Numerical Optimization in Bioinformatics

Florian Potra

UMBC

Abstract:

In the post-genomic era, proteomics has become one of the most important research topics of modern science, opening new doors and potentially influencing medical science for years to come. By separating, cataloging, and comparing proteins from normal and diseased cells and tissues we gain invaluable knowledge about the changes taking place in complex biological systems at the molecular level, which in turn leads to better diagnostics and therapeutics. Two dimensional gel (2D Gel) electrophoresis, used in conjunction with a protein identification method such as mass spectrometry (MS), could provide the front end for a high-throughput analysis tool capable of comparing protein expression between large collections of samples.

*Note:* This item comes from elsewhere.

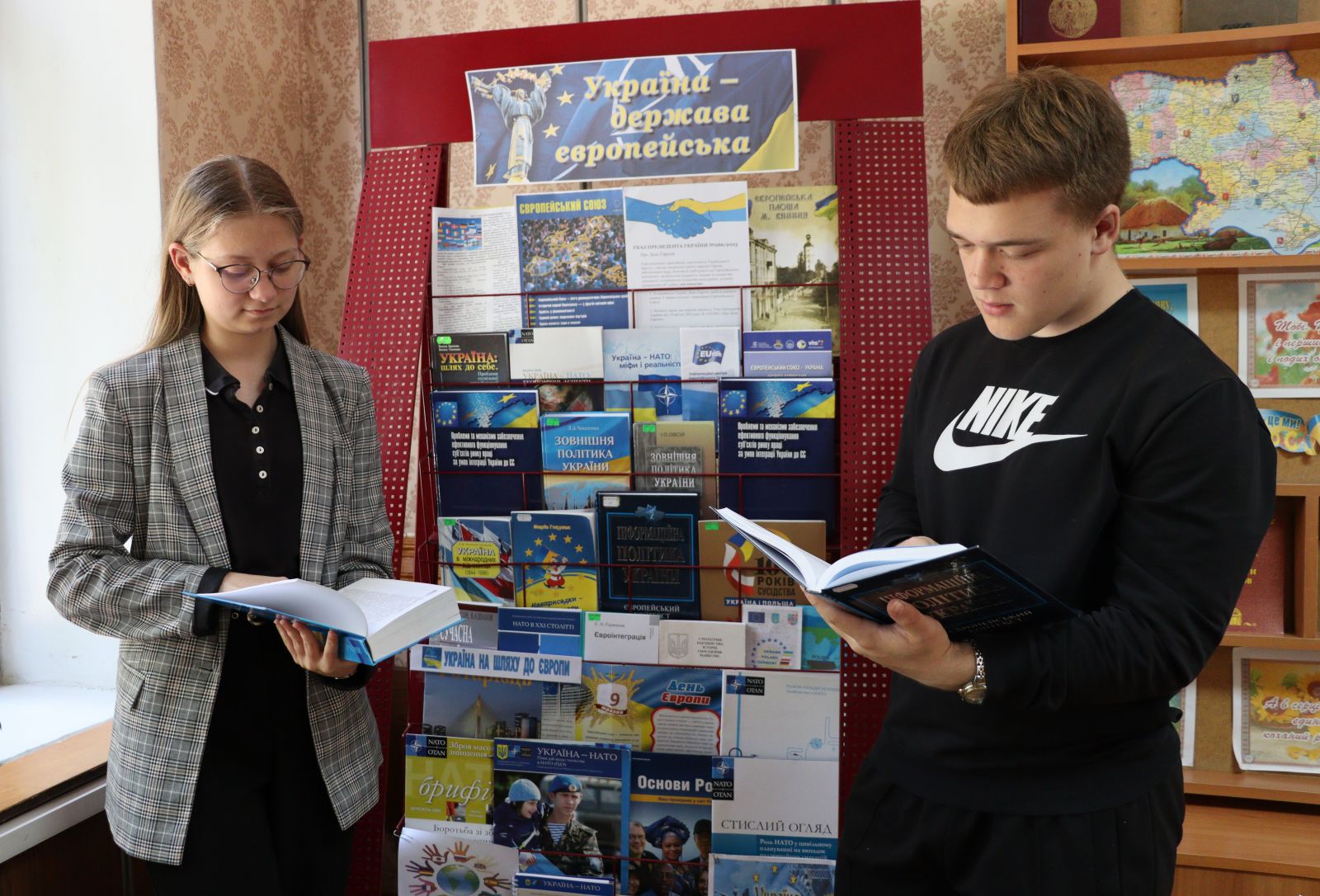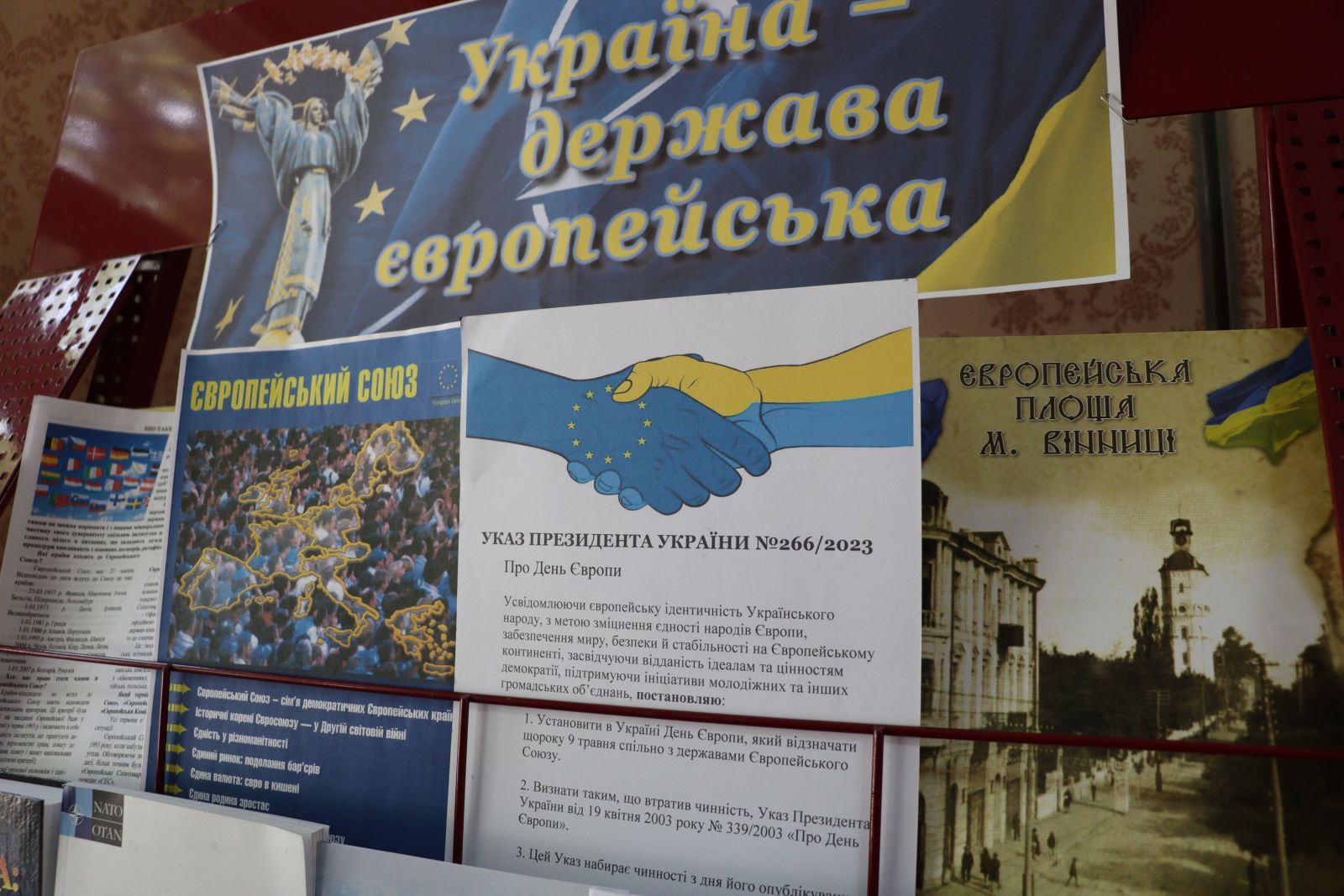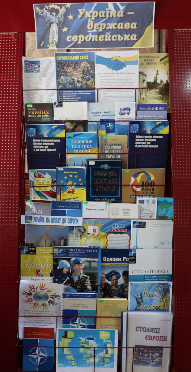 Книжковою експозицією «Україна-держава європейська» підтримали міжнародне свято демократичної співзвучності бібліотекарі нашого коледжу. Зібрані у ній видання розповідають про історію створення Євросоюзу і шлях України до приєднання.

However the lack of reliable automated techniques for gel alignment, forms an important bottleneck to the large scale comparative studies that are necessary for fulfilling the potential of proteomics. In the talk we show that modern optimization techniques may be able to remove this bottleneck. We present new algorithms for image alignment of two-dimensional polyacrylamide electrophoresis (2D-PAGE) gels. In contrast with previous approaches that considered only pairwise alignment, we consider algorithms for the alignment of a whole collection of gels. A synthetic gel, containing some "ideal landmarks" is constructed together with a family of transformations, so that for each gel from the collection there is a unique transformation that maps that gel into the synthetic gel in such a way that the gel's landmarks are mapped into a very small neighborhoods of the corresponding ideal landmarks. Both the ideal landmarks and the family of transformations are obtained as the solution of a large-scale quadratic optimization problem which can be efficiently solved by interior-point methods.